The Fighting Game Story Mode: Past, Present and Future


Fast Tube by Casper

Soul Edge’s PS Intro: Always start a story with a rousing opening!

Ah, the Fighting Game genre. It’s certainly my most favorite of all videogame categories- my most beloved guilty pleasure in gaming. I’ve been playing fighters since I got into this hobby, from Streetfighter II on the Super NES to today’s Tekken 6 and Mortal Kombat remake. Many get into these games for the simple pleasure of owning someone else- the unabashed satisfaction of proving your dominance in the most blatant and base way possible- by sheer physicality or superior skill. Really, in the end, fighting games do of course boil down to a simple equation most eloquently shouted out by bloodthirsty masses in Mad Max 3: Beyond Thunderdome- Two men enter, one man leaves. Well, sometimes Two women, or two THINGS. You get the picture, right?

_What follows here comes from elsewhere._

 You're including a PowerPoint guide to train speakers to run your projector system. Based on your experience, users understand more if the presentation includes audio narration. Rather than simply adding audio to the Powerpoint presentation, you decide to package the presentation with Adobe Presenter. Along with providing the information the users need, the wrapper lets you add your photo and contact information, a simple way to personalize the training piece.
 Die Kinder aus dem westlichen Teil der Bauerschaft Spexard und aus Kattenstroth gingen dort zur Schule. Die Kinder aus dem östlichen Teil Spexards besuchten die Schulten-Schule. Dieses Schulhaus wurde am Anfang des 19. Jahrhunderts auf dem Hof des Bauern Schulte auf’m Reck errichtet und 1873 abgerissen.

Anyway, I think it’s a mark of a fan of these games themselves and not the sheer act of fighting that despite it being sheer gravy, that I put great importance on an aspect of these games that most often is glossed over- The Story.


Fast Tube by Casper

The Fight- and The Story- is All.

Why is all this fighting going on, anyway? Who’s the ‘good’ guy? Who’s the ‘bad’ buy? What’s at stake? Should we care? In all seriousness, it does add to the enjoyment of a story that we know the backgrounds of each and every single character in a fighting game’s often voluminous roster of Playables, and to follow their blood-slogging climb to the top of the tournament ladder. Drama, comedy, horror, evil, good, jealousy, courage… all encapsulated in what basically is about two guys hitting each other until one goes down and stays down.
Hell, if man going mano-y-mano with one’s fellow man didn’t make for good drama, then Homer’s Iliad wouldn’t have been certified a classic since the freakin’ Ancient Greeks. But hey, wouldn’t the Iliad make for a damn awesome fighter?


Fast Tube by Casper

MK didn’t always have great production values for it’s cutscenes…

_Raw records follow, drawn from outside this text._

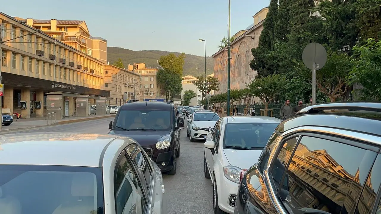 Atatürk Caddesi'nde araç yoğunluğu nedeniyle trafik iki şeride düşürüldü. Polis ekipleri cami çevresinde güvenlik önlemleri aldı.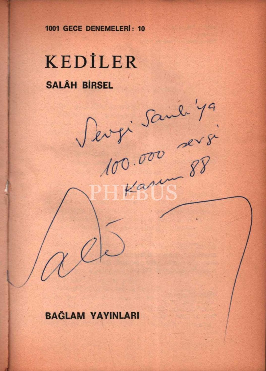 Salâh Birsel´den Sevgi Sanlı´ya ithaflı ve imzalı 1001 GECE DENEMELERİ 10: KEDİLER, Bağlam Yayınları, 204 sayfa, 14x20 cm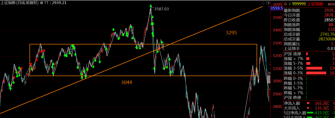 上周滬深兩市風(fēng)險(xiǎn)快速出清,隨著貿(mào)易戰(zhàn)消息階段性落地,上證指數(shù)也跌回了前幾期《一周市場(chǎng)觀察》中所闡明的點(diǎn)位(2800點(diǎn))。本周市場(chǎng)將迎來(lái)趨勢(shì)反轉(zhuǎn),進(jìn)入一段月度級(jí)別的可操作區(qū)間(橫盤震蕩至上漲)。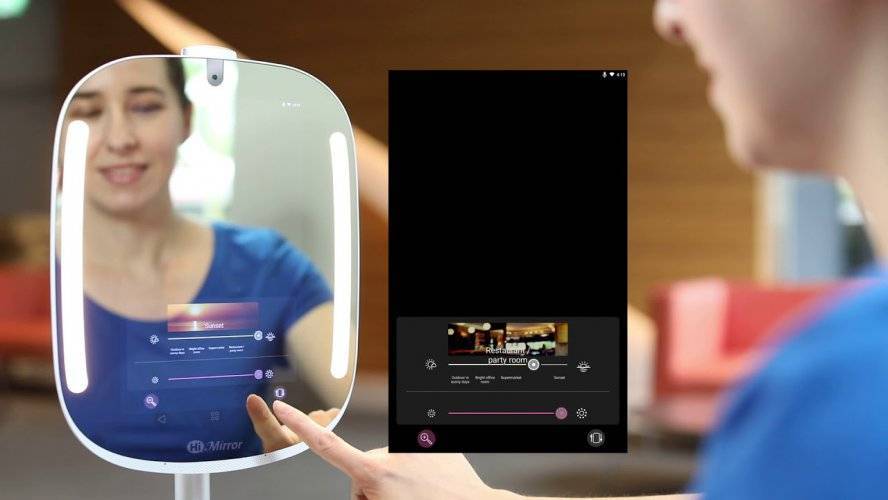 - Он регулирует свет благодаря встроенной интеллектуальной светодиодной подсветке. Само зеркало регулирует яркость и температуру света, чтобы сделать макияж более легким, а эффект заметным. Также вы можете выбрать один из пяти готовых сценариев освещения, которые также пригодятся для получения идеального селфи.

This is probably something that fighting games spearheaded apart from other games- no longer did players fight to reach the end just to see a high score- they wanted to see an ENDING- something that couldn’t be quantified into any single number- but the satisfaction of reuniting your electronic avatar with his family, missing sibling or long-sought-after prize of revenge. Or a meeting with his country’s premier!


Fast Tube by Casper

Congratulations, comrade!

Anyway, relating a Fighting Game story has been done in various ways since the beginning. For the most part, the easiest and most expected way is the simple End Cutscene. Streetfighter II did it back in the day, rewarding the player’s victory over M. Bison with a bunch of screens with minimal animation and text. So effective was this that every game afterwards seemed to follow that same template- the ending was the reward, the narrative carrot dangled before the combatant. From SNK’s many brawlers like King of Fighters to Samurai Shodown to the original Mortal Kombat to every 90′s wannabee Streetfighter, it was all there in varying degrees of campiness.


Fast Tube by Casper

Your usual, run-of-the-mill Story Mode ending.

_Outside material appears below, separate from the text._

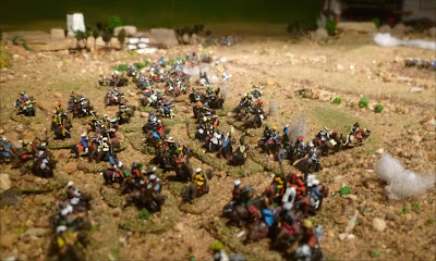 The Blues and St. Andrews cavalry are brigaded with one cannon and a mitrailleuse and are (again) dispatched to go round the southern flank of the southernmost heights, with instructions to demonstrate against the enemy's right flank.

Of course there are a few games that didn’t bother to tell their story- the most significant being Sega’s Virtua Fighter series. All semblance of narrative was placed firmly outside the games, in arcane literature or dictated by actual game tournaments. In many ways, I think, that’s why VF has never found a certain closeness to gamers, with the most hardcore fans of this particular brawler more invested in game mechanics, frame counts and simple gameplay.


Fast Tube by Casper

Virtua Fighter’s Intro hints at a deeper story behind the fighters.

A benefit or detriment? Well, let’s just say that the fan support for VF, while rabid, is perhaps the smallest of all the big fighting game franchises. That’s not to say that the Virtua Fighters don’t have a story- it’s there, certainly, but just not being told as much. Perhaps when we are given a trail to follow and care for, perhaps that’s when VF will bloom to the emotional masses.


Fast Tube by Casper

A Tekken CG Ending waaaay back in the PSOne days.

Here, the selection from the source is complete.